Candice était une jeune fille très gentille et très jolie qui habitait à cent mètres de chez moi à Harlem. Elle était plus âgée que moi, mais on se parlait souvent quand on rentrait du collège. C’était une bonne élève, une fille bien qui voulait s’en sortir. Elle m’avait prêté des livres, donné des conseils judicieux et mise en garde contre pas mal d’illusions.

Un jour, pourtant, un peu après son seizième anniversaire, elle a suivi une bande de garçons qui habitaient dans les Baumer Appartments, un complexe d’HLM situé au-delà de la 150Rue. Je ne sais pas pourquoi elle, d’ordinaire si réservée et si prudente, s’est laissé embarquer dans cette galère, ni comment les choses se sont déroulées précisément. Tout ce que je sais, c’est que les types l’ont gardée enfermée dans un local à poubelles désaffecté au sous-sol de l’un des bâtiments. Tout ce que je sais, c’est qu’ils l’ont violée à tour de rôle pendant des jours, et qu’il a fallu deux semaines aux flics pour la retrouver et la libérer.

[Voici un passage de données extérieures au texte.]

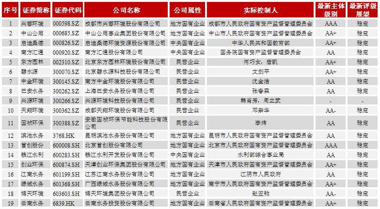 涉及污水处理业务的已发债企业有87家,其中有63家企业是非上市公司,58家属于当地政府下属的区域性水务运营平台,民营和外资控股参股的区域性水务运营公司各2家,央企1家。级别AA的25家,AA-的5家,AA+的14家,AAA的3家。已发债的上市公司24家,为了方便数据对比,本报告剔除了污水处理业务占比极少的5家,选择其中19家企业作为研究对象。

Après quelques jours d’hospitalisation, Candice est revenue habiter chez ses parents, sur la 134Rue, près de l’église épiscopale. À partir de ce moment-là, les médias se sont déchaînés. Nuit et jour, des reporters, des photographes et des paparazzis ont fait le siège de la maison des Chamberlain. Chaque matin, en allant à l’école, je voyais les journalistes et les caméramans qui tournaient des images pour illustrer leurs interventions en direct pour les chaînes locales et nationales.

Plusieurs fois, le père de Candice a demandé aux médias de respecter la douleur de sa fille et de foutre le camp, mais personne ne l’a écouté. Candice était noire, l’un des violeurs était blanc. Les communautés et les hommes politiques essayaient d’instrumentaliser un drame qui, à mon avis, relevait plus de la barbarie que d’un quelconque problème racial.

J’avais onze ou douze ans à l’époque et cet épisode m’avait traumatisée. Que foutaient tous ces adultes devant cette maison ? Ces gens-là avaient fait des études. Qu’attendaient-ils, groupés en meute, pressés devant cette clôture ? Qu’attendaient-ils, en fouillant dans les poubelles du passé, espérant tomber sur le témoignage d’un voisin, d’une voisine, d’un ami d’enfance qu’ils charcuteraient, sortiraient de son contexte, tritureraient à l’infini, se délectant de cette huile nauséabonde qu’ils rajoutaient eux-mêmes sur le feu ? « C’est le principe de la liberté d’informer », m’a répondu l’une des reporters à qui j’ai posé la question un soir en rentrant du collège. Mais informer de quoi ? Une jeune fille avait vécu l’innommable et sa famille souffrait avec elle. Fallait-il en rajouter dans l’agression et le voyeurisme ? Fallait-il vraiment produire ces images n’ayant d’autre fin que d’alimenter des conversations de bistrot et de faire frémir une audience pour vendre des encarts publicitaires débiles ?

Et ce qui devait arriver arriva. Un matin, Mme Chamberlain découvrit le corps de sa fille allongé dans la baignoire remplie d’une eau couleur de sang. Candice s’était tranché les poignets pendant la nuit. Autant que je sache, mon amie n’a pas laissé de lettre pour expliquer son geste, mais j’ai toujours pensé qu’elle avait basculé en prenant conscience qu’elle n’aurait plus jamais une vie normale. Dans le regard des autres, elle serait toujours la fille qui s’est fait violer dans les poubelles des Baumer Appartments.

Fou de douleur, son père, Darius Chamberlain, s’était emparé de son fusil et était sorti sur la terrasse. Très calme, il avait chargé son arme et pris tout son temps avant de tirer plusieurs fois dans le tas, blessant grièvement la journaliste qui m’avait fait la leçon sur « le principe de la liberté d’informer » et tuant un caméraman qui avait lui-même deux enfants.